Jakarta (ANTARA) - Aktivis Perkumpulan Aksi Ekologi dan Emansipasi Rakyat (AEER), Pius Ginting mengingatkan proyek pembangunan pembangkit listrik tenaga uap (PLTU) batu bara berpotensi menurunkan produktivitas ekonomi masyarakat.

"Dalam jangka panjang, ini (PLTU) akan terus menurunkan produktivitas (misalnya) pertanian yang ada di situ, namun ini yang tidak banyak masuk di dalam perhitungan kerugian,” kata Pius dalam acara temu media di Jakarta, Rabu.

Menurut Pius, pembangunan PLTU ini juga dapat mempengaruhi kondisi lingkungan di sekitarnya, terlebih dengan penggunaan batu bara sebagai bahan bakar utama.

Karena hal tersebut, Pius menyayangkan proyek PLTU masuk ke dalam daftar 28 proyek yang ditawarkan kepada China dengan skema investasi Belt and Road Initiative (BRI) dengan nilai total Rp1.296 triliun.

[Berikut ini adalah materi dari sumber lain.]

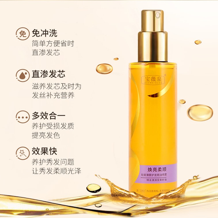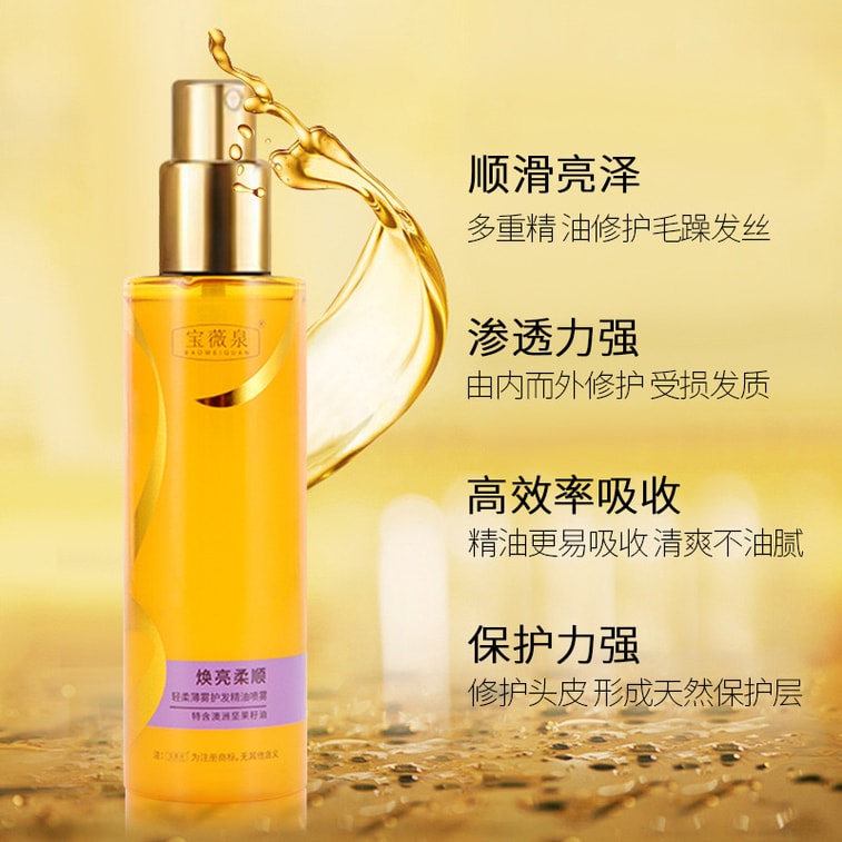 宝栄泉 洗い流さないヘアオイルスプレー - 乾燥による髪のダメージを補修し、髪質を改善し、ベタつきを防ぎます。100ml [髪の芯まで直接浸透]

Terdapat empat proyek PLTU yang diusulkan, yaitu PLTU Tanah Kuning-Mangkupadi, Kalimantan Utara, PLTU Mulut Tambang Kalselteng 3 dan Kalselteng 4, Kalimantan Tengah, serta PLTU Ekspansi Celukan Bawang, Bali, dengan total 2.100 Megawatt.

Cost untuk PLTU itu pasti lebih tinggi, secara ekonomi, secara iklim, tapi ini yang belum banyak studi-studi yang dilakukan sehingga itu masuk di dalam perencanaan pemerintah,” ujar dia.

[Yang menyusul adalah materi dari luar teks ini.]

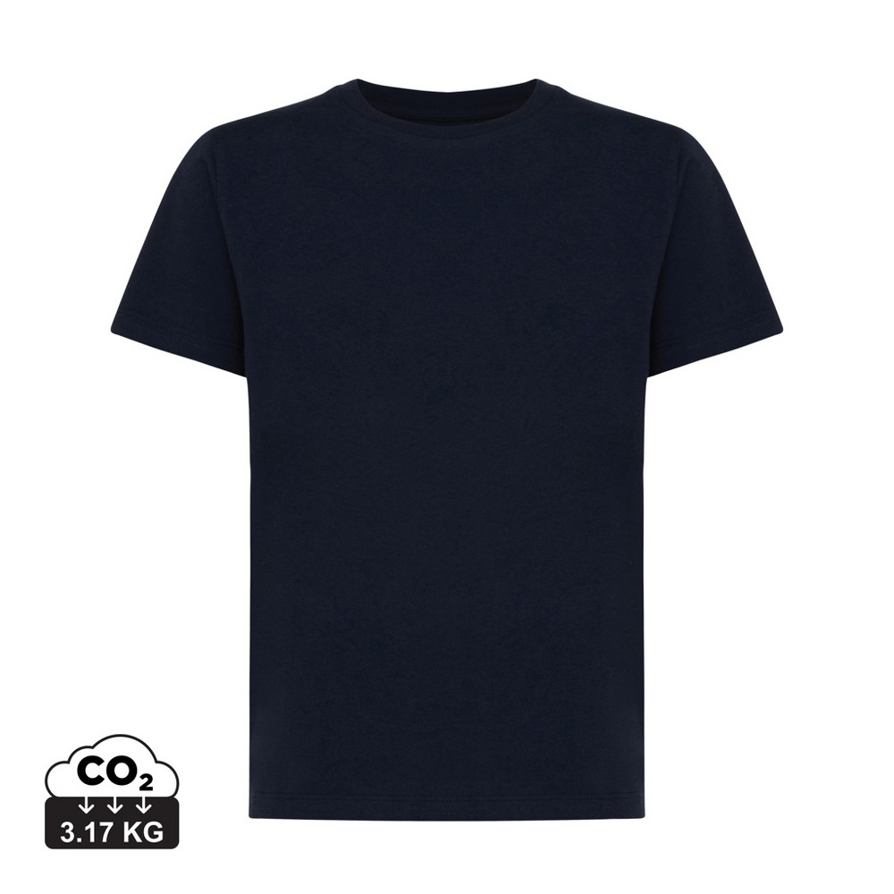 Koszulka dziecięca, regularny krój, okrągły dekolt, krótkie rękawy, wykonana w 30% z bawełny z recyklingu i w 70% z bawełny organicznej o gramaturze 160 g/m2, posiada wbudowany znacznik AWARE™, który potwierdza wykorzystanie materiałów z recyklingu, posiada kod QR na metce, który prowadzi do cyfrowego paszportu produktu, 2% wpływów z każdego sprzedanego produktu z kolekcji Impact jest przekazywane na rzecz Water.org, ślad węglowy produktu: 3,17 kg CO2

Pius mengharapkan proyek PLTU ini ke depannya tidak akan diteruskan, dan diganti dengan proyek pembangkit listrik dengan energi bersih terbarukan.

“Hal itu (dampak ekonomi) tidak akan terjadi jika sumbernya adalah sumber energi terbarukan, karena tidak ada dampak hujan asam," katanya.

Lembaga pemikir independen internasional yang berbasis di London, E3G, merilis survei mengenai persepsi masyarakat dari enam negara terhadap investasi asing untuk proyek penggunaan energi batu bara dan energi bersih terbarukan di negara masing-masing.

Menurut survei tersebut, dari 1.003 sampel orang Indonesia, sebanyak 26 persen menganggap investasi energi batu bara berasosiasi dengan dampak positif ekonomi jangka panjang, sementara untuk energi bersih terbarukan besarannya lebih tinggi yaitu 51 persen.

Menanggapi hal tersebut, aktivis Yayasan Indonesia Cerah, Adhityani Putri mengatakan masih ada diskoneksi antara aspirasi masyarakat dengan perencanaan ketenagalistrikan yang dilakukan pemerintah.

Ia menyebutkan rencana proyek PLTU di Kalimantan Tengah merupakan salah satu contoh diskoneksi tersebut, karena sebelumnya sudah banyak investasi untuk pelestarian hutan di kawasan itu.

“Tapi di saat yang bersamaan ada rencana ini bangun PLTU Mulut Tambang, mungkin kelihatannya kecil tapi kontradiksinya luar biasa," kata Adhityani.